- Abbreviation: NCAR (English) НКАР (Russian)
- Leader: Viktor Pokhmelkin Boris Fyodorov Leonid Olshansky
- Founded: 7 September 2003
- Registered: 15 September 2003
- Dissolved: 9 December 2003
- Headquarters: 16th building, Neglinnaya Street, Moscow, Russia
- Ideology: Liberalism Liberal conservatism Drivers' rights Anti-militarism
- Political position: Centre-right
- Member parties: Liberal Russia Republican Party of Russia Movement of Drivers of Russia Party of Economic Freedom
- Colours: Blue
- Slogan: «State for the people, not people for the state!» (Russian: «Государство для людей, а не люди для государства!»)
- Seats in the 3rd State Duma: 1 / 450

Party flag

Website
- autorus.ru

= New Course — Automobile Russia =

Electoral alliance in Russia

The New Course — Automobile Russia (NCAR; Новый курс — Автомобильная Россия; НКАР; Novyy kurs — Avtomobilnaya Rossiya, NKAR) was an electoral bloc in the 2003 State Duma elections. Orientation - opposition to the president, against the war in Chechnya. The bloc's pre-election slogan: "The state is for the people, not the people for the state!"

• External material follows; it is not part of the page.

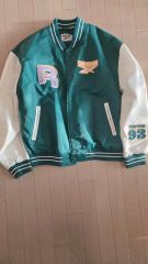⚪︎こちらは着心地抜群のスウェット生地、胸元と背面の刺繍ワッペンがレトロでスタジアムジャンパーの要素もありストリートスタイルに最適。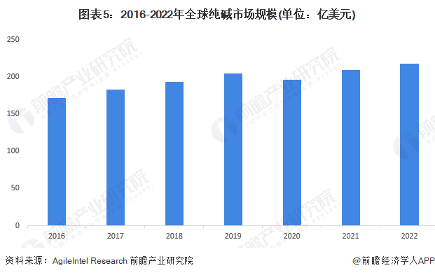 2016-2022年全球纯碱市场规模波动上升,2020年小幅下降后,2021年恢复增长,且市场规模超过2019年以前水平。初步统计,2022年全球纯碱市场规模在218亿美元左右。

The bloc was formed by the political parties Liberal Russia and Republican Party of Russia, as well as the all-Russian public movement "Movement of Drivers of Russia". The block leader was Viktor Pokhmelkin. Particular emphasis in the bloc's election program was placed on protecting the rights of car owners. The program included a statement that the bloc was opposed to the “predatory” compulsory “auto-citizenship”, which, in the bloc's opinion, was another extortion. The bloc also opposed the "unfair" transport tax, as well as against the increase in customs duties on cars. In addition, the electoral bloc supported the restriction of labor immigration from Central Asian countries.

The top three on the electoral list were Viktor Pokhmelkin, well-known politician and manager Boris Fyodorov, and lawyer Leonid Olshansky; the party list in Moscow was headed by Konstantin Borovoy, in Saint Petersburg - by Sergei Vivatenko. The party has nominated its candidates in 12 single-member constituencies.

According to the results of the elections, the bloc won 0.84% of the votes of those who voted; at the same time, Pokhmelkin was elected to the State Duma in the Sverdlovsky single-mandate district (Perm).